The Gentle Art of Reframing chapter begins with the classic fence painting story of Tom Sawyer. Simply by a subtle reframing of painting as fun rather than work, Tom acquires a bevy of volunteer helpers. Tom's skills would apply well to that of being a psychotherapist, as it is usually fruitless to merely point to a doorway out of a client's problem, they must be led to consider that walking through the doorway is preferable to remaining inside the security of their all too familiar problem space.

We must ever be aware of what motivates anyone that we would wish to understand or motivate. This quote from Francis Bacon goes back to 1577 and is still much applicable today:

[page 105] "If you would work any man, you must either know his nature or fashions, and so lead him; or his ends, and so persuade him, or his weakness and disadvantages, and so awe him; or those that have interest in him, and so govern him. In dealing with cunning persons, we must ever consider their ends to interpret their speeches; and it is good to say little to them, and that which they least look for."

The setting of goals for a therapeutic contract is one of the things covered in the Practice of Change chapter. If one approaches the presenting problem as the tip of the iceberg, the "way toward the solution will be long, tortuous, and even dangerous." On the contrary the authors set up a positive Rosenthal Effect by setting concrete, reachable goals. The power of expectation in achieving results was shown experimentally by Rosenthal in 1966. EAT-O-TWIST means Everything Allways Turns Out The Way It's Supposed To, and this epigrammatic acronym that I crafted some twenty plus years ago was based in part on my understanding of Rosenthal's work.

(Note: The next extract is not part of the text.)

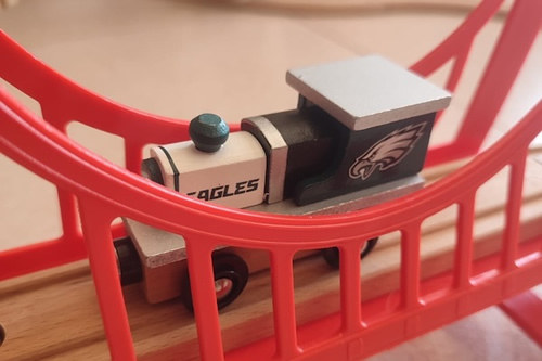 Hace unos días le regalaron a mi hijo un tren de madera de los Philadelphia Eagles. El típico de vías encajables, sencillo y resistente. Pero con el escudo y los colores del equipo. Me pareció una idea brillante. Y pensé: ¿por qué aquí no hacemos cosas así?

[page 112] Robert Rosenthal has presented experimental evidence that the opinions, outlooks, expectations, and theoretical as well as practical biases of the experimenter, interviewer, or we would add, therapist, even if never made explicit, have a definite effect on the performance of his subjects, whether they are rats or humans.

There is a potpourri of therapeutic approaches in the penultimate chapter Exemplifications. Dealing with the "Why Don't You, Yes But" game players is one of them. My approach to such people on the Crisis Line was to listen to their problem, offer half a dozen solutions, to which the predictable response would come, "Yes, but I tried that, etc." And then I would pause, take a deep breath and say in the most authoritative voice I could muster, "I have listened carefully to your responses as I offered you solutions, and now I must tell that in light of my years of experience and professional knowledge I think that your situation is hopeless." Then I would wait -- I could almost hear their resisting muscles flexing on the other end of the phone line. Soon, they would say, "But, what if I ..." and would offer a slight modification of something that I had suggested earlier. I would say, "Yes, but remember that ..." and I would repeat one of the many objections to change that they had offered me earlier. All the while this interchange went on, a remarkable thing had happened: they were on their own side! They were offering suggestions to be tried, any one of which might get them through the door of solution to their problem, if they chose to actually apply it. The hopelessness was now gone, and life seemed manageable again.

People say they want change when what they want is for things to stay the same while their problem is invisibly lifted from them without any effort on their part. Or perhaps they want change, but change is so scary to them that they reject every change out of hand for some spurious reason. An oyster has very strong muscles that prevent it from being opened against its will. When an oyster shucker opens an oyster, the oyster's muscle is severed and the oyster dies. Many people in hurting situations are like the oyster, they would die rather than allow their shell to opened against their will and their problem removed from within. This book has ample suggestions about how to go about the paradoxical task of getting the oyster to willingly open its shell. Will all of these suggestions work? One can only say with the authors, "The only reliable basis for judging the value of a method remains the result achieved by its application."